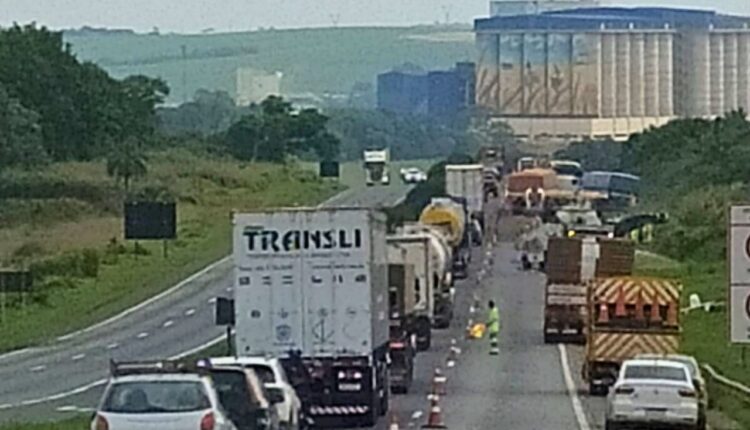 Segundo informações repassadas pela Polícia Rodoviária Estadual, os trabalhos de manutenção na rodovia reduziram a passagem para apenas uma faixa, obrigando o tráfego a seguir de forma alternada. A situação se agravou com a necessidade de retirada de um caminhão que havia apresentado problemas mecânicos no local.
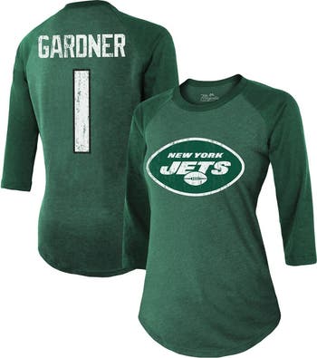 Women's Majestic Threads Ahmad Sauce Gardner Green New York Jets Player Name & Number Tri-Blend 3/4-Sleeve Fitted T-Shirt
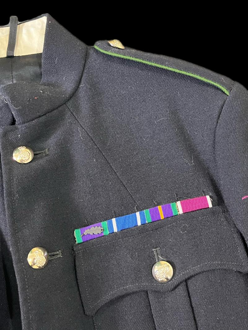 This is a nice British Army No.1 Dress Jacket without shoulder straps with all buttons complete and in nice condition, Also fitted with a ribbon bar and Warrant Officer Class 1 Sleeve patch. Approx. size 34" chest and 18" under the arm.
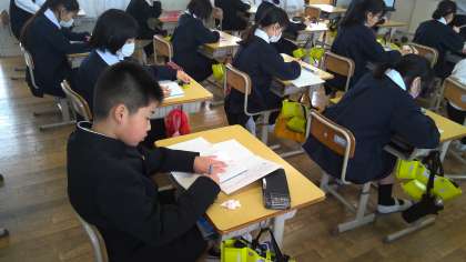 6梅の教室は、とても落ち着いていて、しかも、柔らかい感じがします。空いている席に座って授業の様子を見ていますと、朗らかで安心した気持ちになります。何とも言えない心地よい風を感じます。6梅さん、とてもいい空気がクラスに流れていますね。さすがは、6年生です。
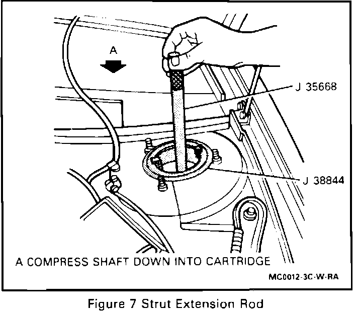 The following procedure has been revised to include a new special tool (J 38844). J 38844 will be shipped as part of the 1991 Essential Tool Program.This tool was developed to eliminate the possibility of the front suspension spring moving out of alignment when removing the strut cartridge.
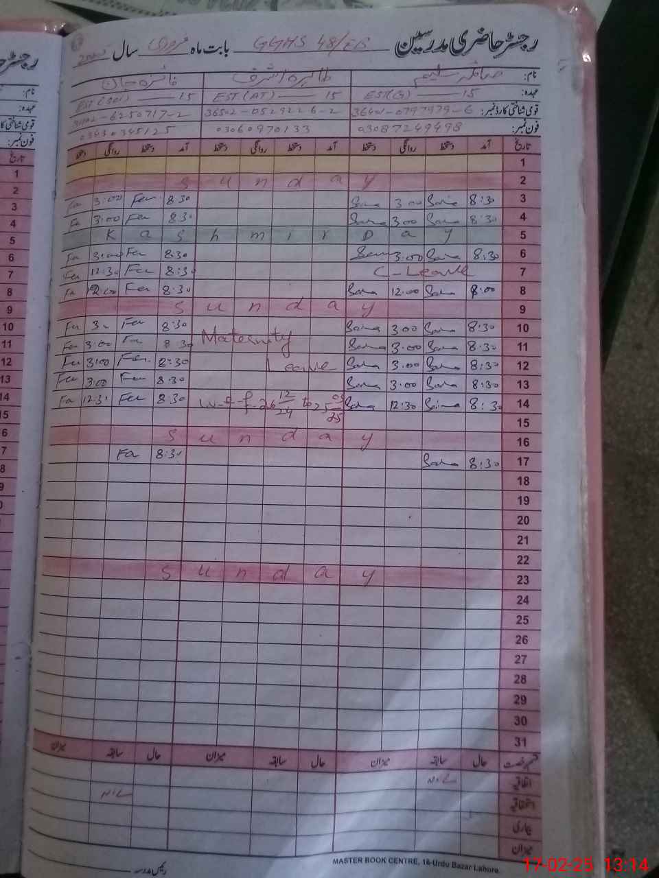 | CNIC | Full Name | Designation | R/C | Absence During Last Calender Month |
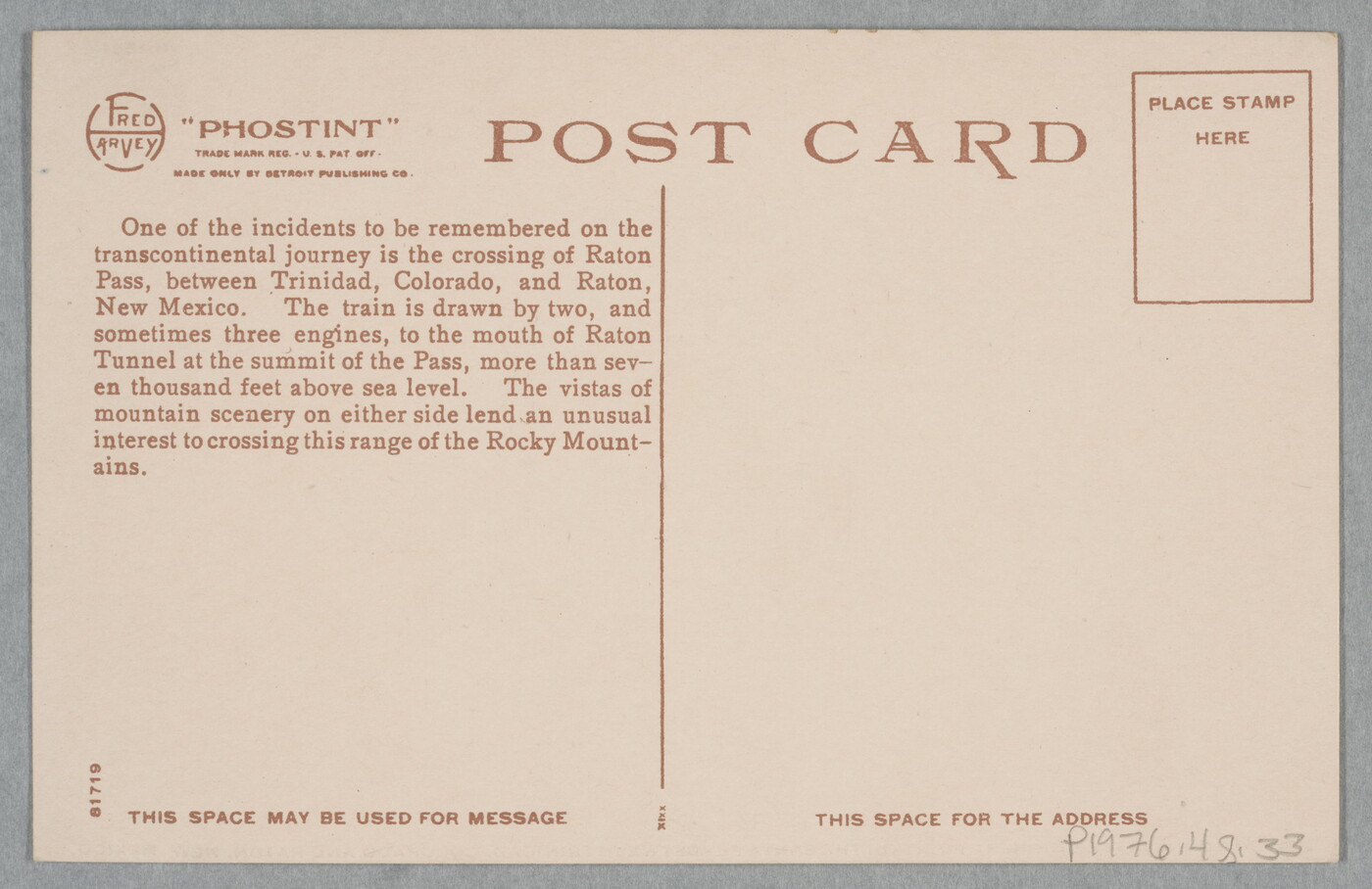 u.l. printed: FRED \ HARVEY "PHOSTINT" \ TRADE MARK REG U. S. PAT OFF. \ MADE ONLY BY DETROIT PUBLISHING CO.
------------------------------
**Your assignment:** From the first line to the last, give the data again exactly, but without pictures.

**Response area:**
 Segundo informações repassadas pela Polícia Rodoviária Estadual, os trabalhos de manutenção na rodovia reduziram a passagem para apenas uma faixa, obrigando o tráfego a seguir de forma alternada. A situação se agravou com a necessidade de retirada de um caminhão que havia apresentado problemas mecânicos no local.
 Women's Majestic Threads Ahmad Sauce Gardner Green New York Jets Player Name & Number Tri-Blend 3/4-Sleeve Fitted T-Shirt
 This is a nice British Army No.1 Dress Jacket without shoulder straps with all buttons complete and in nice condition, Also fitted with a ribbon bar and Warrant Officer Class 1 Sleeve patch. Approx. size 34" chest and 18" under the arm.
 6梅の教室は、とても落ち着いていて、しかも、柔らかい感じがします。空いている席に座って授業の様子を見ていますと、朗らかで安心した気持ちになります。何とも言えない心地よい風を感じます。6梅さん、とてもいい空気がクラスに流れていますね。さすがは、6年生です。
 The following procedure has been revised to include a new special tool (J 38844). J 38844 will be shipped as part of the 1991 Essential Tool Program.This tool was developed to eliminate the possibility of the front suspension spring moving out of alignment when removing the strut cartridge.
 | CNIC | Full Name | Designation | R/C | Absence During Last Calender Month |
 u.l. printed: FRED \ HARVEY "PHOSTINT" \ TRADE MARK REG U. S. PAT OFF. \ MADE ONLY BY DETROIT PUBLISHING CO.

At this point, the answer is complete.